Start of Records for processing

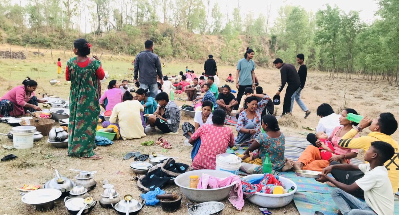 २३ वैशाख, कैलाली । शनिबार कैलालीको भजनी नगरपालिका–९ पचमुडियाका एक सय ७४ थारु समुदायका घर परिवार बिहानैदेखि खुला चौरमा गई बसे । लहरै खाना पकाउनका लागि चुलो बनाइएको छ भने खाने कुरा पनि राखिएका थिए । बिहानै गएका उनीहरु बेलुका अबेर घर फर्कीए ।
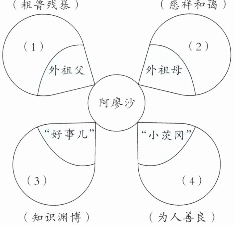 《童年》围绕主人公阿廖沙塑造了许多性格鲜明的人物形象,这些人物和阿廖沙发生了许多故事,请根据人物选择对应的情节,填在下面的横线上。(填序号)
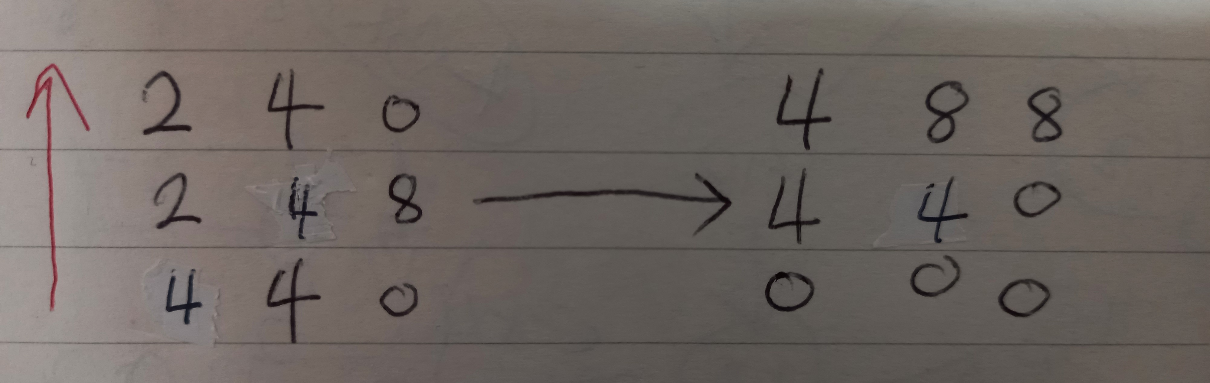 블록을 움직일 때 가장 먼저 고려했던 것은 '이동하는 방향으로 먼저 합친다'라는 조건이었다.
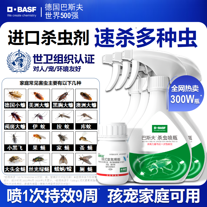 德国巴斯夫杀虫剂喷雾剂家用室内非无毒驱灭除蚂蚁蚊子蟑螂药神器
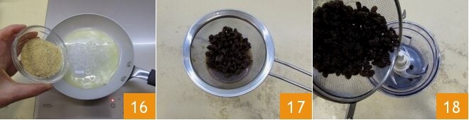 En este punto, tomad una sartén antiadherente de fondo ancho y fundid la mantequilla a fuego bajo. Una vez completamente derretida, verted el pan rallado 16: dejadlo tostar así durante unos 5 minutos. Podéis mezclarlo ligeramente con una cuchara de madera o hacerlo saltar para evitar que se queme. Cuando esté listo, apagáis el fuego y guardadlo en un bol pequeño. Luego, volved a tomar las pasas que estarán ablandadas: escurridlas 17 y trituradlas también muy finamente 18.
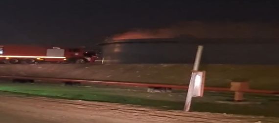 اخمدت فرق الدفاع المدني ، حريقا اندلع في احد الخزانات بمستودع الفاو النفطي.
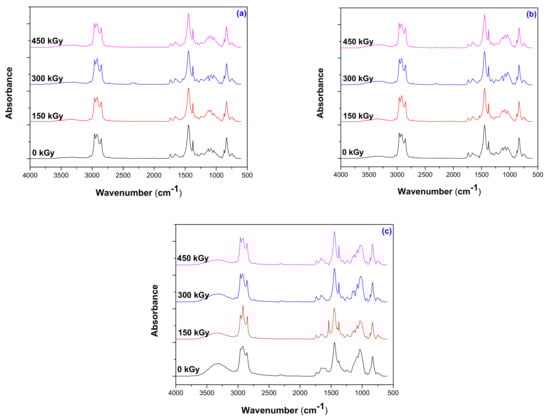 As seen in Figure 9, some bands appeared to be modified by the reactions that took place during EB irradiation. The products that must be identified as being associated with the degradation are hydroperoxides, alcohols, aldehydes, epoxides, ketones, esters, and carboxylic acids [59,60]. There are some types of reactions that occur simultaneously in any material subjected to EB irradiation: cross-linking, chain branching, chain breaking with the formation of characteristic groups as methyl or tertbutyl due to the homolytic and heterolytic dissociations and oxidation with the formation of peroxides, alcohol groups, and carboxylic groups [61].
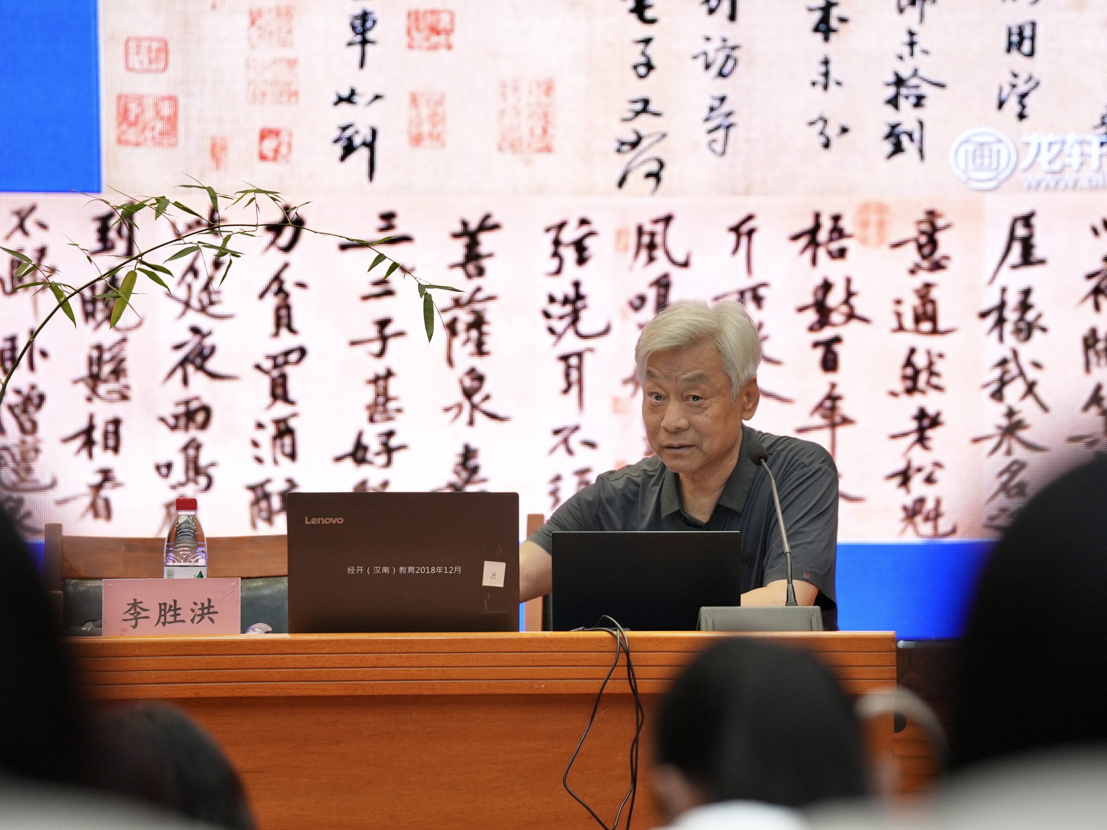 李胜洪在武汉经开区沌口小学分享《行书揆要》。
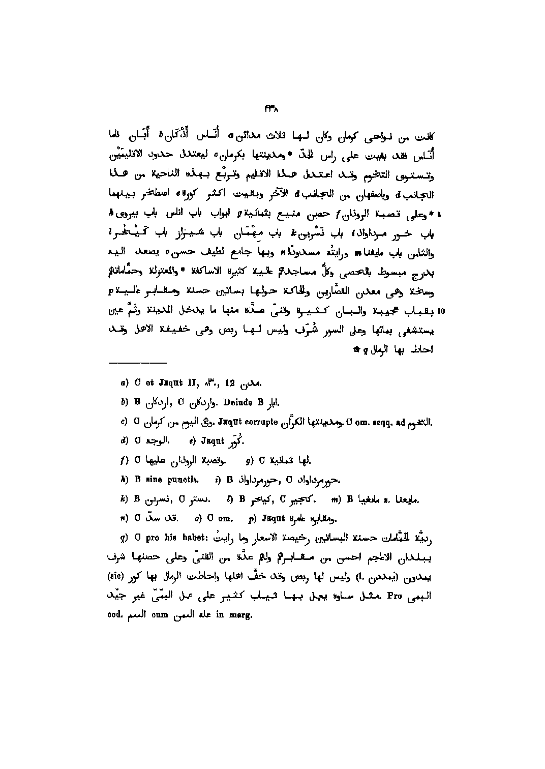[16] رديّة الحمّامات حسنة البساتين رخيصة الأسعار وما رأيت Cprohishabet:ببلدان الأعاجم أحسن من مقابرهم ولهم عدّة من القنيّ وعلى حصنها شرف يمدون (يمددن (l.وليس لها ربض وقد خفّ أهلها وأحاطت الرمال بها كور (sic) البمي.Pro مثل ساوة يعمل بها ثياب كثير على عمل البمّيّ غير جيّد inmarg.عله [؟] المنLJcum [؟] را [?] الم cod. [؟]
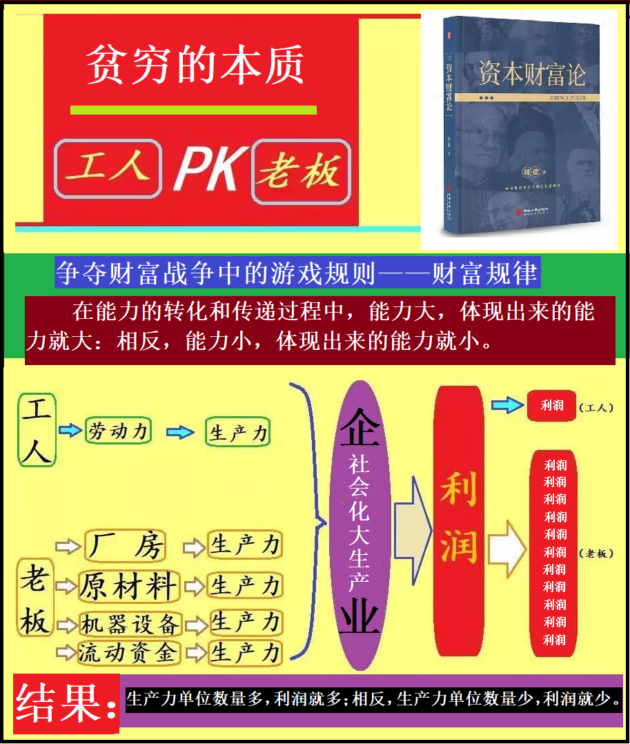 (2)、工人贫穷的深层原因是:是因为“能力的转化机制”客观存在,即是“财富规律”的存在。在能力的转化和传递过程中,能力大,体现出来的能力就大;能力小,体现出来的能力就小。这就是著名的财富规律。根据“财富规律”的指令,“老板用资本挣钱,资本多,生产力数量多,创造财富的能力大,那么就相对富裕;相反,工人用体力挣钱,生产力数量少,创造财富的能力小,那么就相对贫困。”

End of Records for processing

▸ About this task:
Give the lines again exactly, starting where the entries begin and stopping once the line with "اخمدت فرق الدفاع" is included; pictures are not copied.

▸ Reply to the task:
 २३ वैशाख, कैलाली । शनिबार कैलालीको भजनी नगरपालिका–९ पचमुडियाका एक सय ७४ थारु समुदायका घर परिवार बिहानैदेखि खुला चौरमा गई बसे । लहरै खाना पकाउनका लागि चुलो बनाइएको छ भने खाने कुरा पनि राखिएका थिए । बिहानै गएका उनीहरु बेलुका अबेर घर फर्कीए ।
 《童年》围绕主人公阿廖沙塑造了许多性格鲜明的人物形象,这些人物和阿廖沙发生了许多故事,请根据人物选择对应的情节,填在下面的横线上。(填序号)
 블록을 움직일 때 가장 먼저 고려했던 것은 '이동하는 방향으로 먼저 합친다'라는 조건이었다.
 德国巴斯夫杀虫剂喷雾剂家用室内非无毒驱灭除蚂蚁蚊子蟑螂药神器
 En este punto, tomad una sartén antiadherente de fondo ancho y fundid la mantequilla a fuego bajo. Una vez completamente derretida, verted el pan rallado 16: dejadlo tostar así durante unos 5 minutos. Podéis mezclarlo ligeramente con una cuchara de madera o hacerlo saltar para evitar que se queme. Cuando esté listo, apagáis el fuego y guardadlo en un bol pequeño. Luego, volved a tomar las pasas que estarán ablandadas: escurridlas 17 y trituradlas también muy finamente 18.
 اخمدت فرق الدفاع المدني ، حريقا اندلع في احد الخزانات بمستودع الفاو النفطي.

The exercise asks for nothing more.